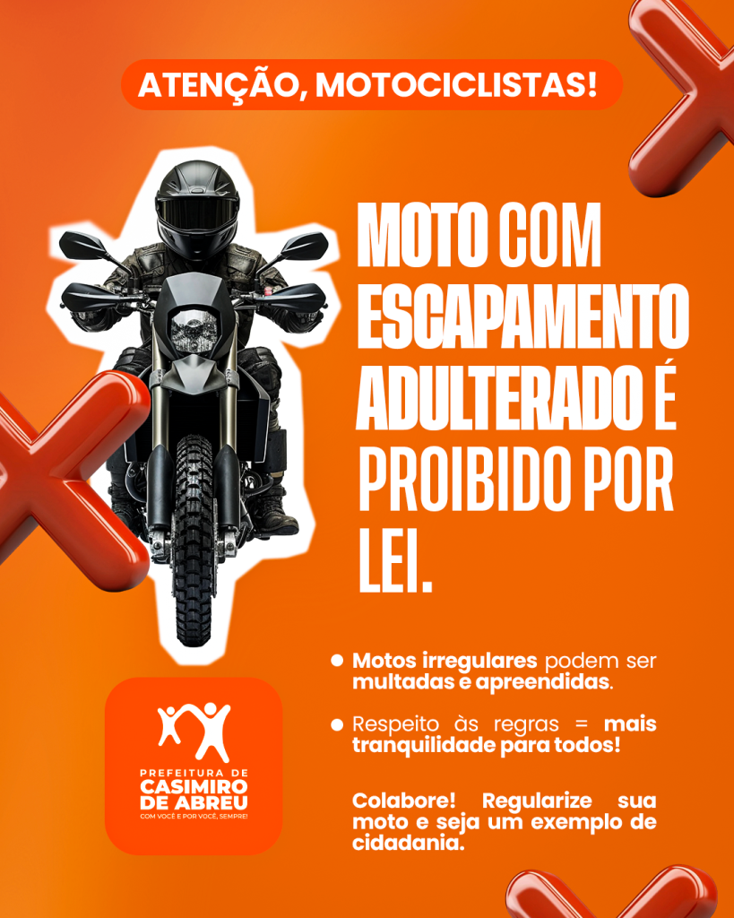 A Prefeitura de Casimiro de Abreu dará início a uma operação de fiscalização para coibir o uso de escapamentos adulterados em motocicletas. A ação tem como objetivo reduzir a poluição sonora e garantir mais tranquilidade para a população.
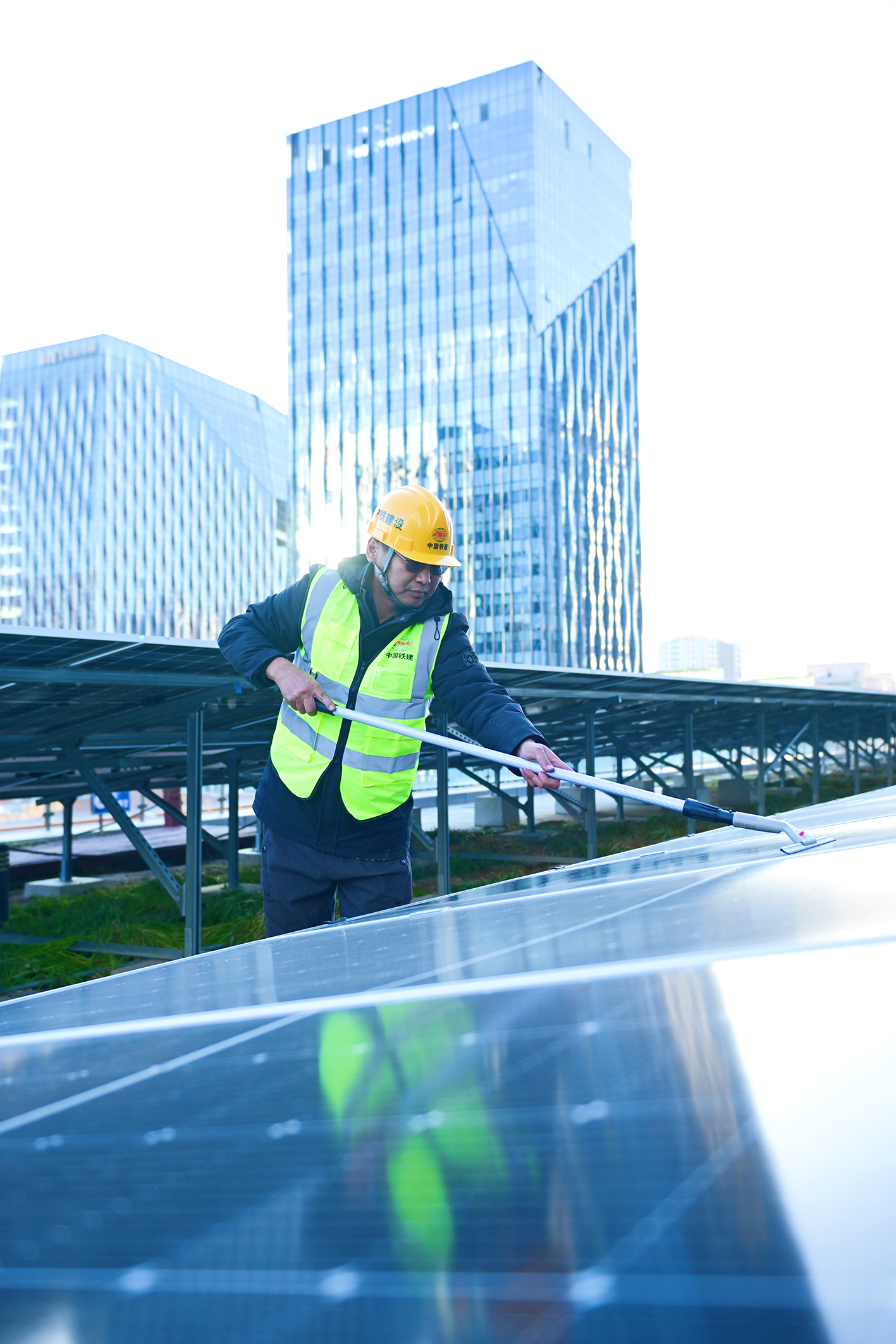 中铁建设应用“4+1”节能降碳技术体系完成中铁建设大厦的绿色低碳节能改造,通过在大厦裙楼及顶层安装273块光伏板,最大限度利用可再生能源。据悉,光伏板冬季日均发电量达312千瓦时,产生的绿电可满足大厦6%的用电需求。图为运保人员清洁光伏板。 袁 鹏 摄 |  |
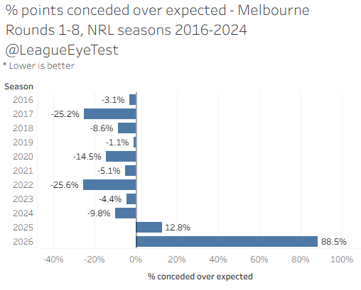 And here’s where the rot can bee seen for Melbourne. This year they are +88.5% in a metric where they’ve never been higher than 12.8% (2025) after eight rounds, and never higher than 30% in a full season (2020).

§ Goal of the exercise
Repeat the material above word for word but skip the images.

§ Your solution
 A Prefeitura de Casimiro de Abreu dará início a uma operação de fiscalização para coibir o uso de escapamentos adulterados em motocicletas. A ação tem como objetivo reduzir a poluição sonora e garantir mais tranquilidade para a população.
 中铁建设应用“4+1”节能降碳技术体系完成中铁建设大厦的绿色低碳节能改造,通过在大厦裙楼及顶层安装273块光伏板,最大限度利用可再生能源。据悉,光伏板冬季日均发电量达312千瓦时,产生的绿电可满足大厦6%的用电需求。图为运保人员清洁光伏板。 袁 鹏 摄 |  |
 And here’s where the rot can bee seen for Melbourne. This year they are +88.5% in a metric where they’ve never been higher than 12.8% (2025) after eight rounds, and never higher than 30% in a full season (2020).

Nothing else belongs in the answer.